Welcome to an unlikely beacon of hope for the global auto industry -- Detroit.

Executives arriving this week for the Detroit auto show find a U.S. car market that has morphed from meltdown three years ago to a safe haven as concerns grow about the stability of other big economies, from Europe to China.

Analysts and executives expect 2012 U.S. auto sales to grow 4 percent to 9 percent, the third consecutive annual gain. The only reason automakers are not more bullish is the risk that the sovereign debt crisis in Europe may trigger a broader slowdown.

All three U.S. automakers took market share in the United States for the first time in 23 years. But they can expect tougher competition in 2012 as the Japanese rivals rebound, and Hyundai and Volkswagen gather steam. A return to the boom years of 17 million annual sales, however, will not happen any time soon.

"We see an exceptionally competitive market because there are now eight major manufacturers vying for share," said Tom Libby, senior forecasting analyst at Polk, a Michigan-based automotive consulting firm.

"VW has become very aggressive in the U.S., and Hyundai-Kia has huge momentum that will continue into 2012."

The crop of new vehicles at the Detroit show this week reflects the heavier competition U.S. automakers General Motors, Ford and Fiat-controlled Chrysler can expect in their home market.

Toyota -- which lost 2.3 percentage points of U.S. market share last year -- and Honda, still rebuilding inventory after Japan's tsunami last March, are previewing 2012 updates of their key Prius and Accord models. VW and Hyundai-Kia are also getting attention after posting the biggest U.S. sales gains of last year.

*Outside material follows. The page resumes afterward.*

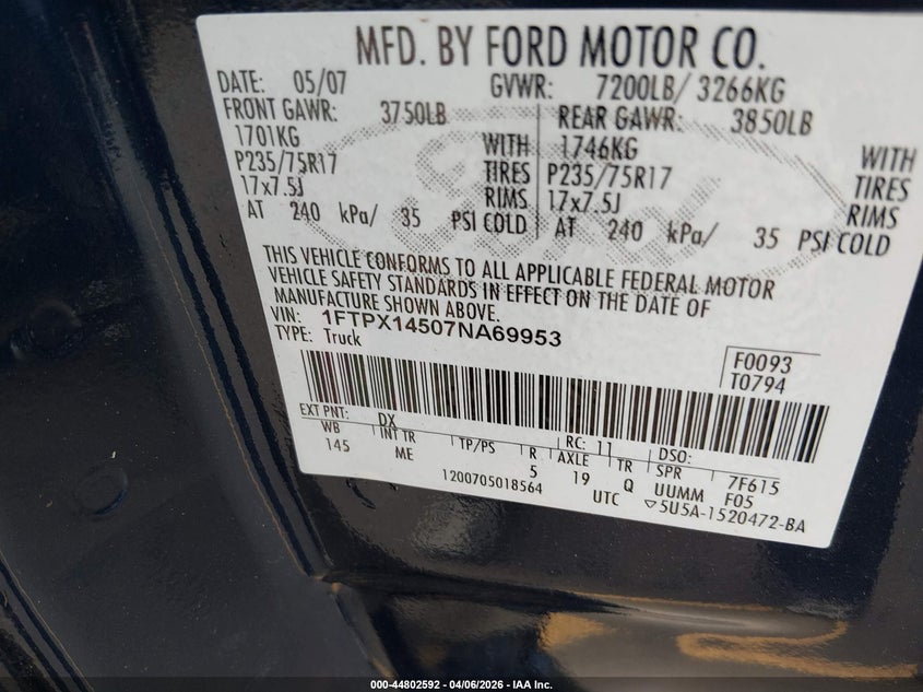 • 1FTPX14507NA69953

VW wants to double its U.S. market share, said Rainer Michel, product strategy and marketing chief for Volkswagen of America. "Our aim should be being visible on the street, so every five or six cars out of 100 on the road should eventually be a Volkswagen."

The VW brand had 2.5 percent of the U.S. market in 2011 and its luxury brand Audi accounted for nearly 1 percent.

South Korea's Hyundai and affiliate Kia together matched VW's 26 percent sales surge in a U.S. market that expanded 10 percent in 2011.

Polk sees that growth slowing to 7 percent for 13.7 million U.S. deliveries this year, with Europe flat or in decline.

Buckingham Research analyst Joseph Amaturo said he expects moderate growth in China, Brazil and India this year with the prospect of "very aggressive" discounting in those emerging markets.

"Europe is where we face the biggest uncertainties because of financial market volatility, and we're having to adapt our products to increase share," said Philippe Dehennin, head of German premium automaker BMW's French division.

"The U.S. market, along with China, offers significant growth potential with our existing models. It's an absolute priority."